_Task brief:_ Quote the listing below word for word, stopping after the line that contains "and washing. NL-00001914".

_Stored data:_
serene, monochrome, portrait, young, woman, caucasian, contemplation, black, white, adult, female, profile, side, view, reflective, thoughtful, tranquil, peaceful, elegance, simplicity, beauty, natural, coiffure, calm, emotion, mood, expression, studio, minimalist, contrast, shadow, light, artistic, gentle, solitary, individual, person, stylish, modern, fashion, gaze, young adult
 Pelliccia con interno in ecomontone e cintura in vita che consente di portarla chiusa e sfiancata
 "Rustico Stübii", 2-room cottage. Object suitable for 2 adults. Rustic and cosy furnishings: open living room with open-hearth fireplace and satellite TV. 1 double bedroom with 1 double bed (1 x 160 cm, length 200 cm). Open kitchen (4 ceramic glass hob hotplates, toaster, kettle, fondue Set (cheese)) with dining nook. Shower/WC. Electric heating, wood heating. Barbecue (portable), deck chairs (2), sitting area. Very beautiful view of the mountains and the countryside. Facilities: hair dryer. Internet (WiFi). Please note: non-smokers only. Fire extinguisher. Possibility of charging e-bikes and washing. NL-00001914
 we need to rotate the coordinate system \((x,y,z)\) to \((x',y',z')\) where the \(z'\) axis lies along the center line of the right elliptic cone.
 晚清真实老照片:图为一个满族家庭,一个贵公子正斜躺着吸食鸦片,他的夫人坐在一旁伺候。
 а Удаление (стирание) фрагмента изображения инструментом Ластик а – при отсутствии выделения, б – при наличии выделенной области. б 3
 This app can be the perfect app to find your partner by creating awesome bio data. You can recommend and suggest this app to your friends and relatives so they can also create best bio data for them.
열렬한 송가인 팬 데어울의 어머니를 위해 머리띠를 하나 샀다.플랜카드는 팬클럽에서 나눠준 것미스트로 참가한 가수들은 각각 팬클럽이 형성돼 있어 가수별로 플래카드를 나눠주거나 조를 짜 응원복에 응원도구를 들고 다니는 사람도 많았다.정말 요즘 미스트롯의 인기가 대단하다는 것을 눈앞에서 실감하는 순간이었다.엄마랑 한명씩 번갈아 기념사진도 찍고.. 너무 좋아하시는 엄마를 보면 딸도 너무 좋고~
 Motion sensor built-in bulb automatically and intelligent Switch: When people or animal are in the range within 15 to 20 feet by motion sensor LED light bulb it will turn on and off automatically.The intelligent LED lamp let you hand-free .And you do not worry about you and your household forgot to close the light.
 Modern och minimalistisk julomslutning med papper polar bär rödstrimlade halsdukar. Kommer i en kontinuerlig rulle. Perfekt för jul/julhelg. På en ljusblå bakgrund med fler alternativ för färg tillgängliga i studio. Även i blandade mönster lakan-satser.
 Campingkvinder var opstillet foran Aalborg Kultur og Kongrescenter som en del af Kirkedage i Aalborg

_Written response:_
serene, monochrome, portrait, young, woman, caucasian, contemplation, black, white, adult, female, profile, side, view, reflective, thoughtful, tranquil, peaceful, elegance, simplicity, beauty, natural, coiffure, calm, emotion, mood, expression, studio, minimalist, contrast, shadow, light, artistic, gentle, solitary, individual, person, stylish, modern, fashion, gaze, young adult
 Pelliccia con interno in ecomontone e cintura in vita che consente di portarla chiusa e sfiancata
 "Rustico Stübii", 2-room cottage. Object suitable for 2 adults. Rustic and cosy furnishings: open living room with open-hearth fireplace and satellite TV. 1 double bedroom with 1 double bed (1 x 160 cm, length 200 cm). Open kitchen (4 ceramic glass hob hotplates, toaster, kettle, fondue Set (cheese)) with dining nook. Shower/WC. Electric heating, wood heating. Barbecue (portable), deck chairs (2), sitting area. Very beautiful view of the mountains and the countryside. Facilities: hair dryer. Internet (WiFi). Please note: non-smokers only. Fire extinguisher. Possibility of charging e-bikes and washing. NL-00001914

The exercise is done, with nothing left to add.